There is talk of mosaicism when the same person has cells within him with a different genetic heritage. It is therefore possible that they have a part of healthy cells and a part of cells affected by chromosomal abnormalities. Depending on the case, the condition can also affect particular types of cells, such as those of blood, skin and gametes.

At the basis of mosaicism there is an error in cell division during embryonic development. If the cells affected by the anomaly are few, it is possible that the effects on the individual are limited. If they were the majority, it becomes much more likely to manifest pathologies. For example, it is possible to have Down syndrome, Klinefelter syndrome and Mosaic turner.

The only method to have a reliable diagnosis of mosaicism is genetic testing and prenatal screening tests. The cells of the fetus are analyzed and the presence of cells with chromosomal abnormalities occurs. If successful, continue with further genetic tests. In this way an estimate is made of the number of anomalous cells and, consequently, of the severity of the mosaicism.

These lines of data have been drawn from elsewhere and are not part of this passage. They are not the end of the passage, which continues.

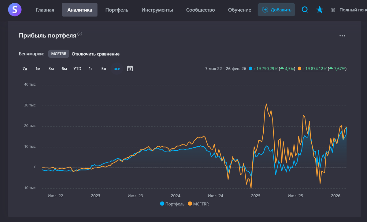Прибыль пенсионного портфеля за всё время в сравнении с MCFTRR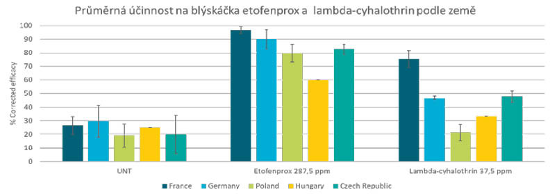 V posledním roce se velmi rozšířila diskuze ohledně vzrůstající rezistence úč. látky ethofenprox. Naše firma přes 20 let monitoruje rezistenci proti blýskáčku v Evropě a nezaznamenala během této doby posun v rezistence a zhoršení situace. Do monitoringu jsme se v roce 2025 zapojili i my jako Česká republika a v naší laboratoři v Londerzeel v Belgii se účinnost Trebonu pohybovala okolo 80 % a účinnost porovnávané látky lambda-cyhalothrin pak byla okolo 50 %, viz graf. Je třeba si uvědomit, že i při této účinnosti a silném náletu brouků vždy v porostu nějaké blýskáčky najdeme. Volbou vhodného přípravku a termínu ošetření však napomáháme udržet tohoto škůdce pod prahem škodlivosti. • *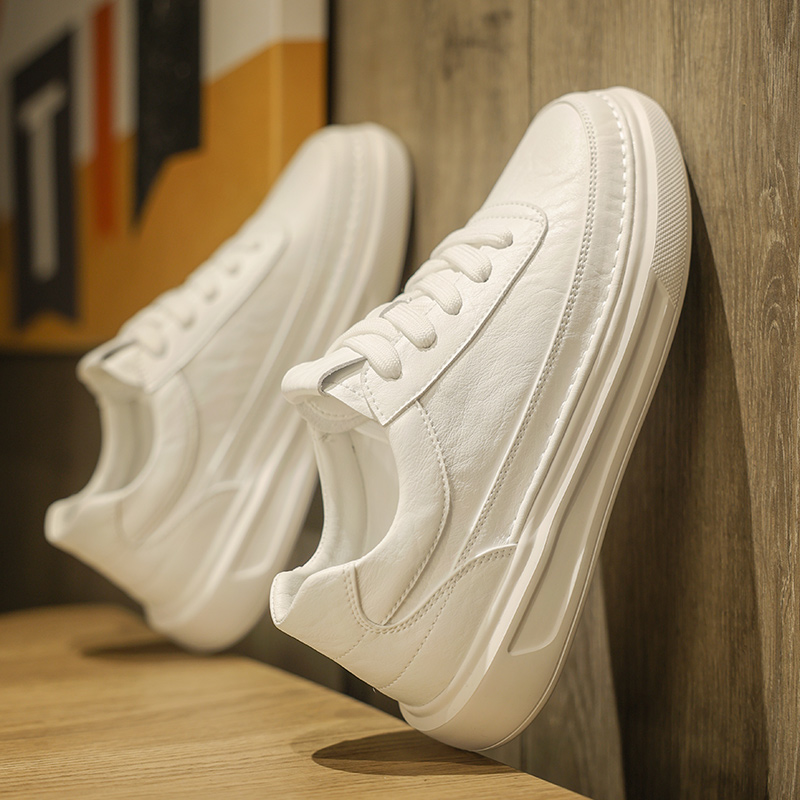 2025新款真皮系带小白鞋男夏季百搭透气厚底饼干鞋白色休闲板鞋潮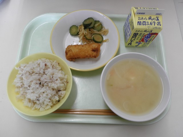 献立名:雑穀入りごはん 牛乳 いかフライ 華風和え すいとん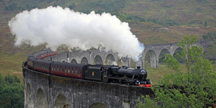 Конечно, внимательный зритель не мог остаться равнодушным от сцен фильма, где дети едут в школу на поезде. Этот путь называется — является West Highland Line и находится он в Шотландии, как и описывала автор книг. Знаменитая сцена второго фильма, где Гарри и его друг Рон Уизли опоздали на поезд ин е смогли попасть на платформу, были вынуждены догонять поезде на отцовской машине. И это место даже частично не компьютерная графика, весь маршрут полностью реален. Поезд провозит пассажиров от порта Маллая до города Форт-Уильям, а его маршрут проходит через захватывающие пейзажи шотландские горы с чудесными пейзажами. Тот самый захватывающий дух мост это виадук Гленфиннан, расположенный в горной местности Хайленд.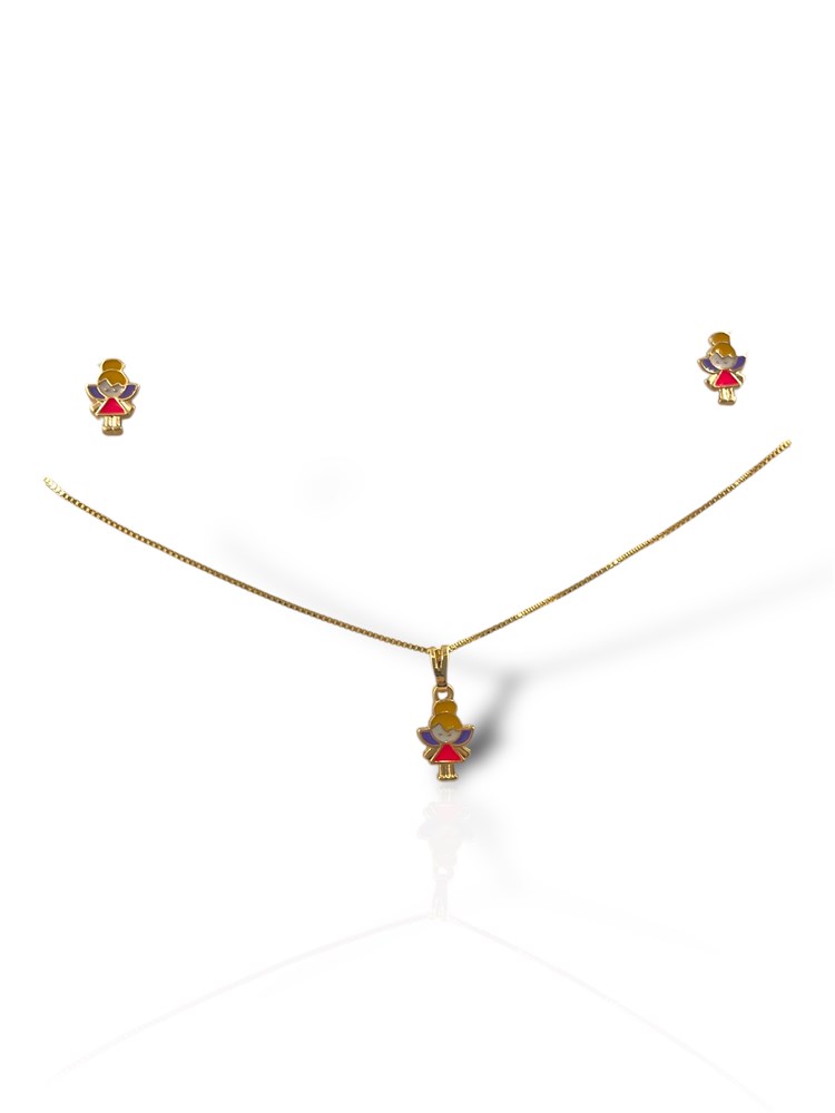Conjunto Folheado 18k Menina Esmaltada Colorida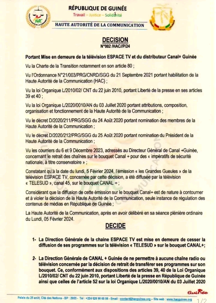 La Haute Autorité de la Communication ( HAC) n’est pas prête à permettre aux médias retirés des bouquets Canal+ et Star Time de revenir de quelle que manière que ce soit. En tout cas pour l’instant. L’institution de régulation des médias en Guinée vient de sortir ses muscles contre Espace TV qui a décidé de diffuser ses programmes sur la Télé Sud disponible sur les bouquets Canal+.

The effects of mosaicism vary greatly depending on the severity and the cells involved. In general, it is difficult to predict with confidence the effects of such a condition. A chromosomal abnormality present in most cells is almost equivalent to an abnormality present in 100% of cells. A low percentage of abnormal cells may have no effect on the individual, but have repercussions on his offspring. Current genetic testing and fetal DNA testing can unveil this possibility in time.